• What this task involves
Starting at the line below that contains "###绿花杓兰,陆生植物,高" and ending at the line that contains "Cartuchos recargables vacíos", retype each line exactly as it stands, but omit the pictures.

• Exercise data
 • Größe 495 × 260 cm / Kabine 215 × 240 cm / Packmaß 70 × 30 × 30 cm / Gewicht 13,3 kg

* * *

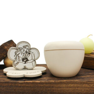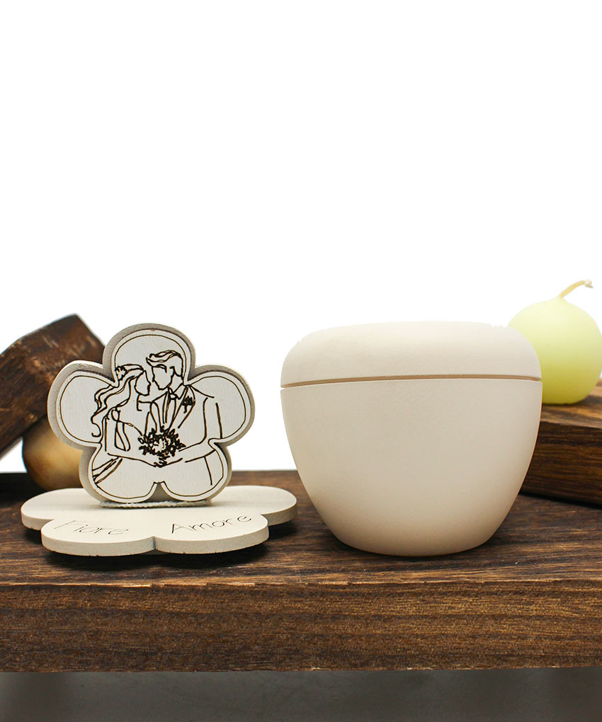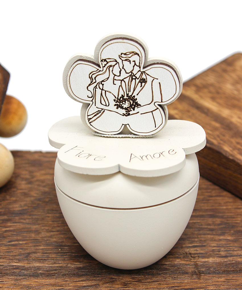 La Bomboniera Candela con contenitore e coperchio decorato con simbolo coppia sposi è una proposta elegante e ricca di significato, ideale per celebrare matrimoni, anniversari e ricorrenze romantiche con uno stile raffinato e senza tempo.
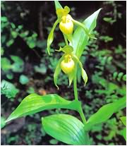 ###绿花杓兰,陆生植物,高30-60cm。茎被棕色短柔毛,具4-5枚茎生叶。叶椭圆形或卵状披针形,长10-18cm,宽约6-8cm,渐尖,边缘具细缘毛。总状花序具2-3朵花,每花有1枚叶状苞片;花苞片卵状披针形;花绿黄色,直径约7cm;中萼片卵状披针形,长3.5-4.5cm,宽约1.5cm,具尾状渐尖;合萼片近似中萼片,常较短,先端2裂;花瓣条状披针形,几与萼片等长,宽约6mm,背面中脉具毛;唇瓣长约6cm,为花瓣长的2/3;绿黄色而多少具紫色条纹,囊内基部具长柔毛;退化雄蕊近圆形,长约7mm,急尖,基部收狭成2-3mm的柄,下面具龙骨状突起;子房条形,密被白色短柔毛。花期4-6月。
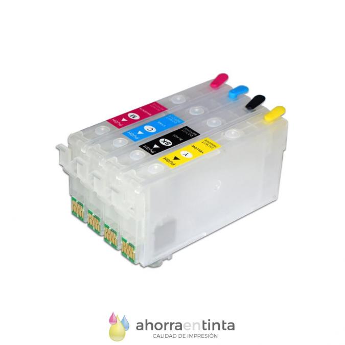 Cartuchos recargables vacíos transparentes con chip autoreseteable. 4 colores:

==

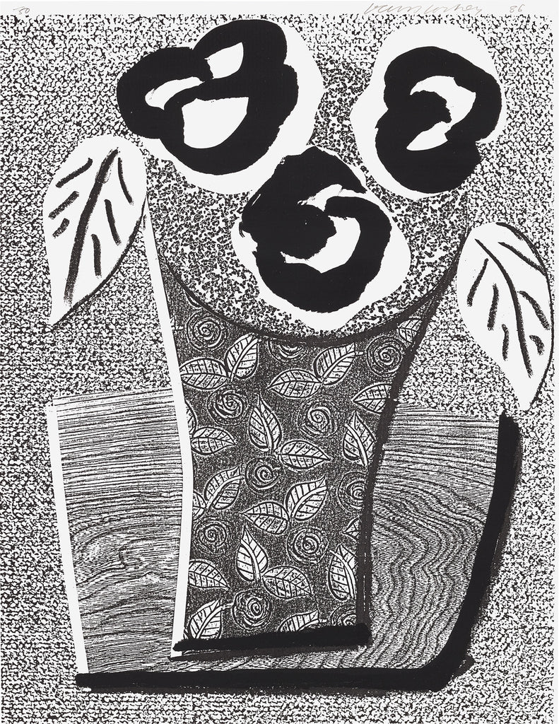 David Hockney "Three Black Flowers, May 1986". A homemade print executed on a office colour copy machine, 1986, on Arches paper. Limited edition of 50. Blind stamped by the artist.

• Solution below
 ###绿花杓兰,陆生植物,高30-60cm。茎被棕色短柔毛,具4-5枚茎生叶。叶椭圆形或卵状披针形,长10-18cm,宽约6-8cm,渐尖,边缘具细缘毛。总状花序具2-3朵花,每花有1枚叶状苞片;花苞片卵状披针形;花绿黄色,直径约7cm;中萼片卵状披针形,长3.5-4.5cm,宽约1.5cm,具尾状渐尖;合萼片近似中萼片,常较短,先端2裂;花瓣条状披针形,几与萼片等长,宽约6mm,背面中脉具毛;唇瓣长约6cm,为花瓣长的2/3;绿黄色而多少具紫色条纹,囊内基部具长柔毛;退化雄蕊近圆形,长约7mm,急尖,基部收狭成2-3mm的柄,下面具龙骨状突起;子房条形,密被白色短柔毛。花期4-6月。
 Cartuchos recargables vacíos transparentes con chip autoreseteable. 4 colores:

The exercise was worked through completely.